Well, being embarrassed by itself is one thing. But FEELING embarrassed because someone made us feel stupid, consequently shaking our very foundation, is like pushing the last radioactive rod into the reactor. If something isn’t done quickly, there will be an explosion.
This is where I’ve told people things like, “Go outside and practice falling down. I’ll be out in a minute,” and I wasn’t joking. This will take a full grown man back to a teenager in a chest pushing contest of, “come on, punk. Let’s go punk.”
So, don’t make me stupid.
Why am I sharing this? Because, this isn’t just true at work. This isn’t just true playing your favorite sport. This isn’t just true in a classroom. This isn’t just true in a fight or a debate [often the point of a debate].
This is most true with those you love.
Indeed, the most hurt, the worst fights, the most damage I can remember in my marriage was a direct consequence of pressing my wife’s stupid button.
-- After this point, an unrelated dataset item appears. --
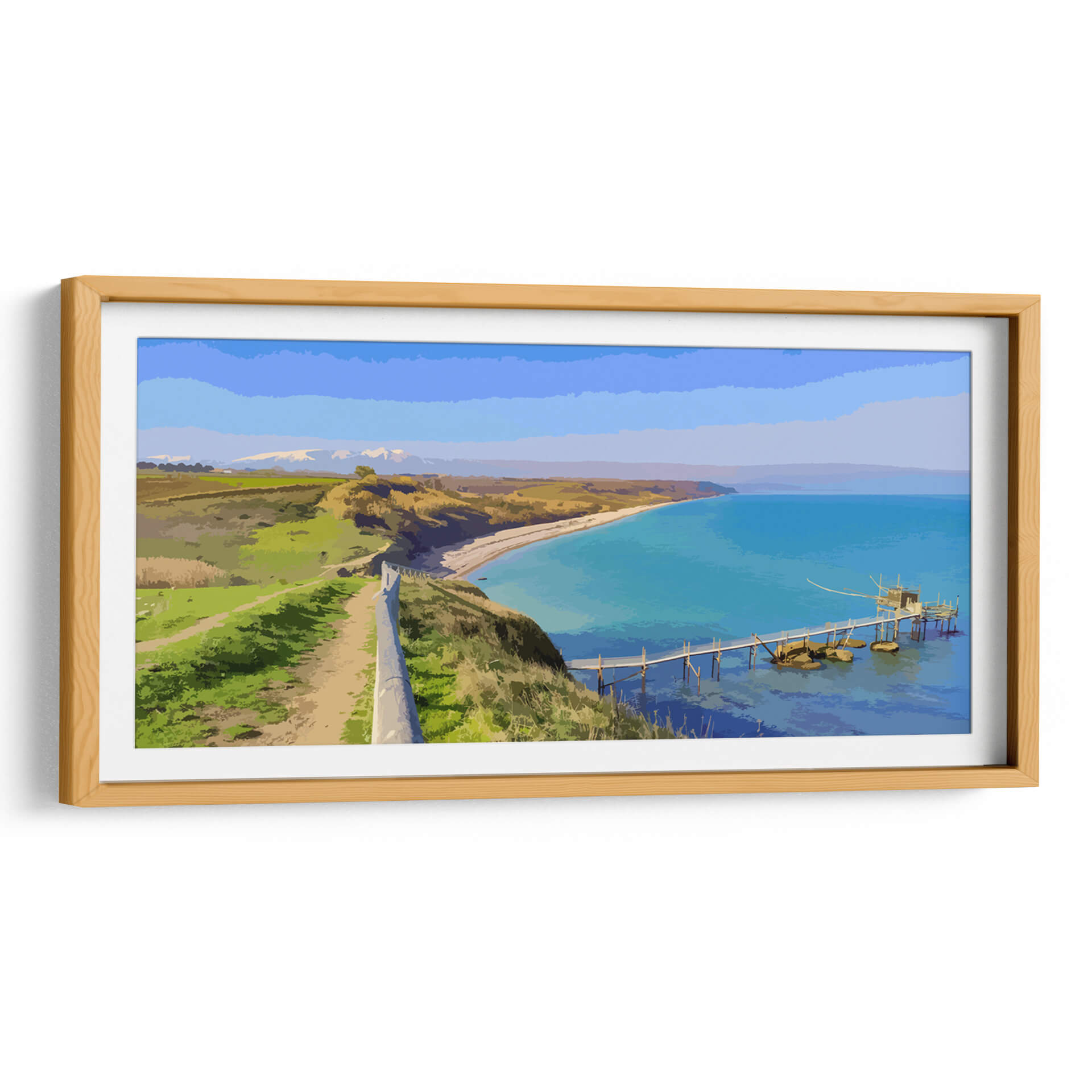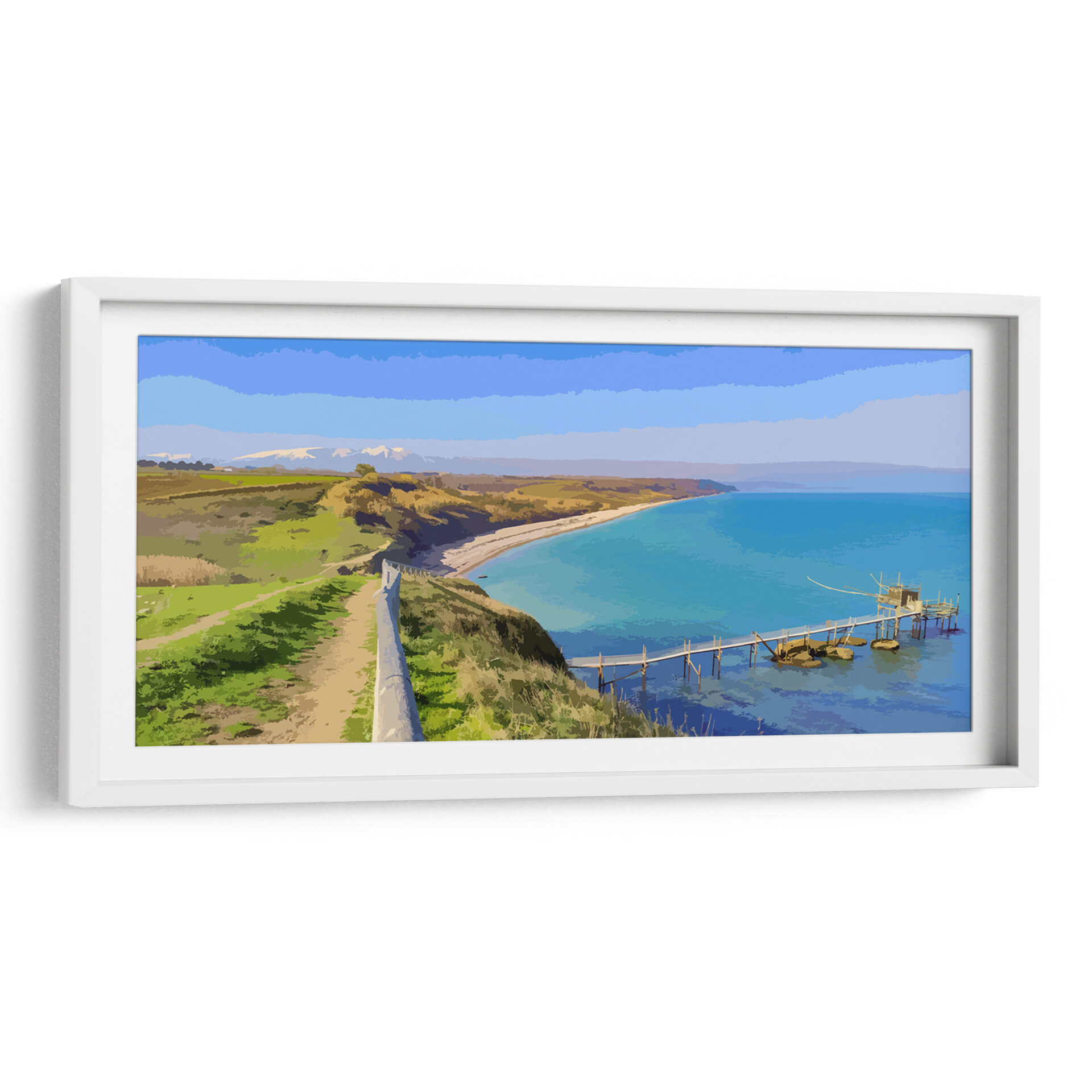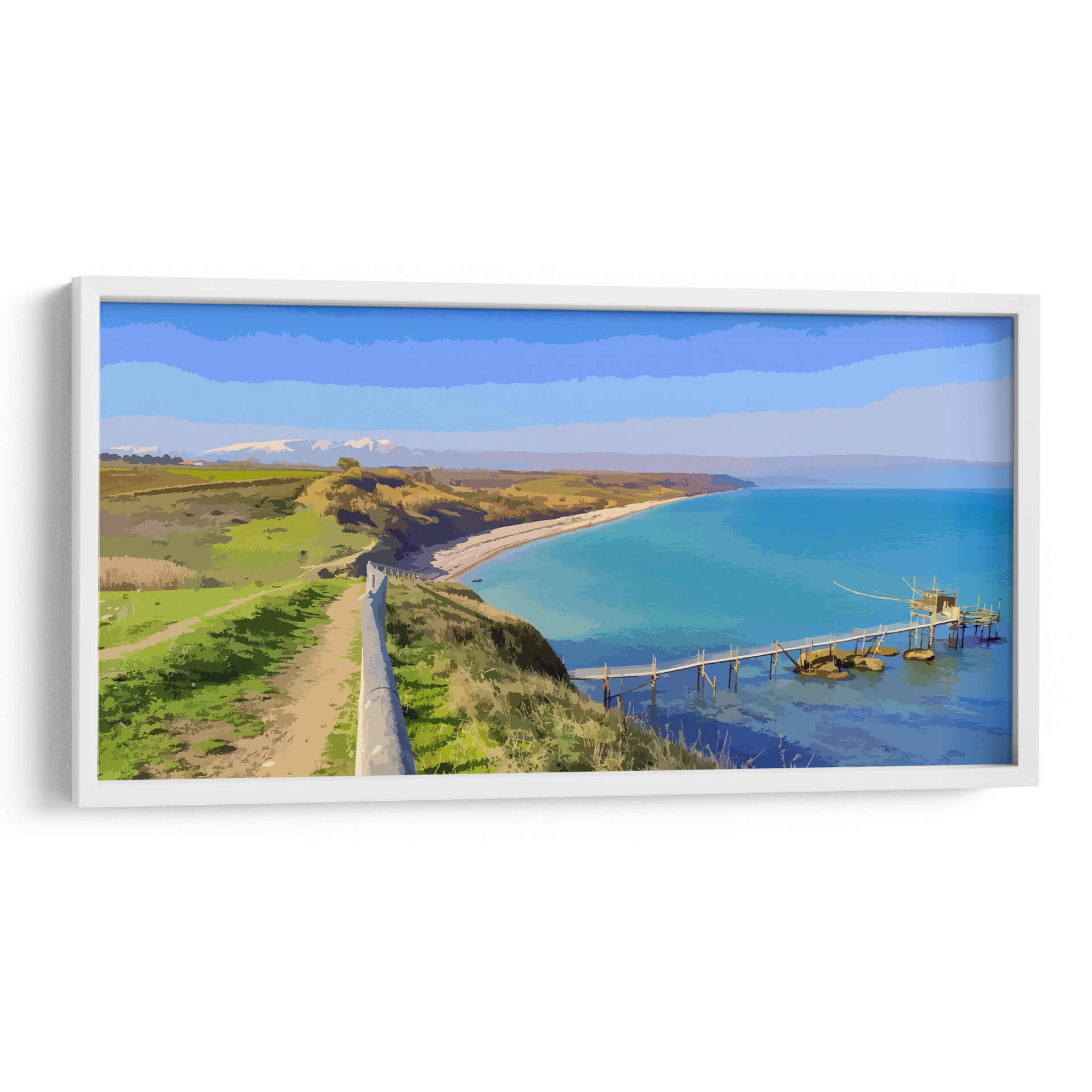 Sumérgete en la serenidad de "Paisaje Real", una cautivadora obra de arte digital que captura la esencia de una costa idílica. El artista Jabin Adiel nos transporta a un rincón donde la tierra se encuentra con el mar en una armonía de colores vibrantes y formas estilizadas. La composición se despliega desde un sendero que serpentea por una colina verde exuberante, bordeada por un muro de piedra que guía la mirada hacia el horizonte. A lo lejos, montañas nevadas coronan un paisaje de campos dorados y verdes, evocando una sensación de paz y amplitud. El protagonista indiscutible es el mar turquesa, cuyas aguas cristalinas invitan a la contemplación. Un pintoresco embarcadero de madera se adentra en el mar, culminando en una estructura tradicional que añade un toque de encanto rústico a la escena. La paleta de colores, dominada por azules intensos, verdes vivos y ocres cálidos, crea una atmósfera de tranquilidad y frescura, ideal para cualquier espacio que busque transmitir calma y belleza natural. Este cuadro decorativo es perfecto para añadir un punto focal sereno a tu salón, dormitorio u oficina, transformando cualquier ambiente en un refugio de paz y inspiración visual.

Now, we could all argue that we should have better self control. The difficulty here is our relationships are the places we have made ourselves vulnerable. The closer the relationship, the more vulnerable we are. And, a truly loving marriage even paints a perfect target in the dead center of our stupid buttons. We know it all, and we know how to press it just right.
I have ruined some of the best times with my wife in the past by pressing her stupid button. I often interact with friends by having to be saying comical things in a conversation. When I meet new people, I try even harder to make things fun with laughter and light-heartedness. So what comes out the easiest? Where do any comedian’s jokes come from? Friends, family, life, and experience are the sources of all our good stuff.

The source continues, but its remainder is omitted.